During the Late Triassic, a climate change known as the Carnian Pluvial Event (CPE) resulted in a major crisis for carbonate producers. In the western Tethys, the change in carbonate production led to a dramatic modification of depositional geometries. The steep clinoforms of the high relief pre-crisis carbonate platforms were replaced by low angle ramp geometries. A quantitative three dimensional modeling of the geometry of sedimentary bodies in the Cortina d'Ampezzo area (North-eastern Italy) formed before, during and after the Carnian crisis, coupled with facies analysis, was performed in order to investigate in detail how the changes in shallow water carbonate precipitation influenced the depositional geometries of carbonate platforms.
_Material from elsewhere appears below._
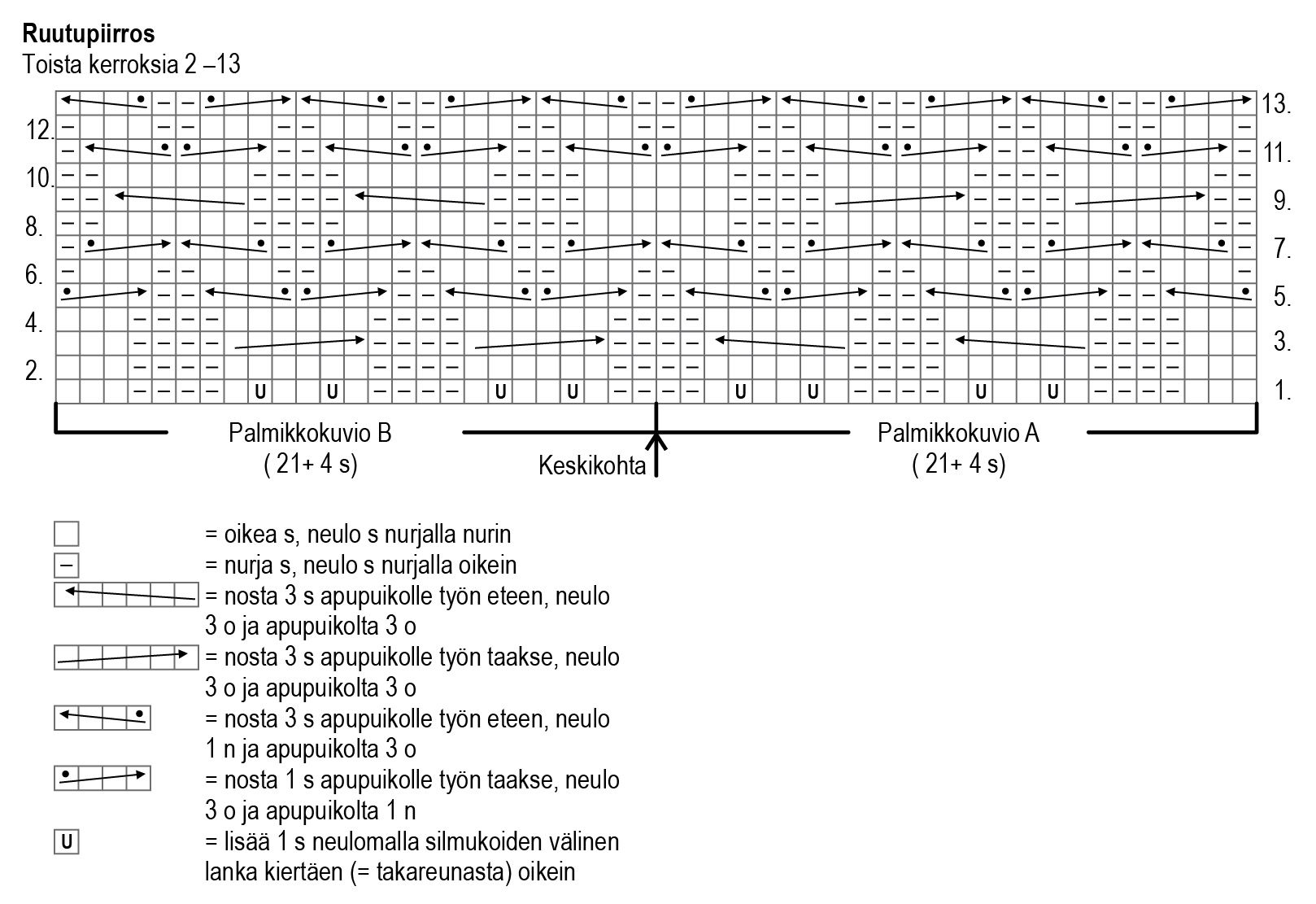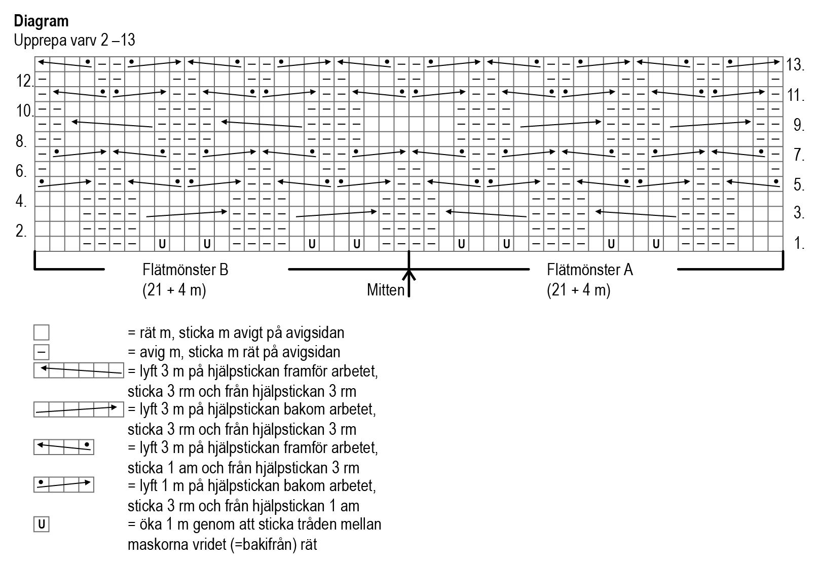 Note: When you have completed rows 2-13 of the chart once and have worked row 2 again, on the next row (row 3 of the chart) increase 1 st (= pick up the strand of yarn between the st you've just worked and the st you're about to work and knit it through the back loop) between cable patterns A and B, on both sides of the middle 4 purl sts. Mark the increase round using e.g. a piece of red yarn. Later on, remember to mark also the following increases made in between the cables. From now on the 2 sts between the cables will be worked in reverse stockinette st. Repeat the increases in the middle of the piece, on the edges of the cables every 3 cm for another 1(1)1(1)2(2) times. 4(4)4(4)6(6) sts in reverse stockinette between the cables.

Facies and depositional geometries suggest that after the demise of high-relief, microbial dominated carbonate platforms, a phase of intermediate sedimentation took place, in which microbial carbonate mounds and loose carbonate and terrigenous sediments coexisted. The subsequent evolution to a ramp is characterized by the onset of a tide-dominated environment. In the study area, the sedimentary succession developed in a marine strait connecting two small basins. Both ebb and flood paleocurrents are documented and their directions are in agreement with the strait orientation, as inferred from the paleogeographic position of relict high-relief carbonate platforms. Facies and sedimentary structures related to variations in the hydraulic regime have been observed, including planar cross stratification, herringbone cross stratification, flaser to wavy to lenticular bedding and cyclical alternations of mainly oolitic-siliciclastic vs. mainly bioclastic-muddy laminae. The peculiarity of this tidal system is that, differently from all other known cases, it did not develop in a tectonically confined submarine graben or canyon, but in a marine passage between relict high-relief carbonate platforms.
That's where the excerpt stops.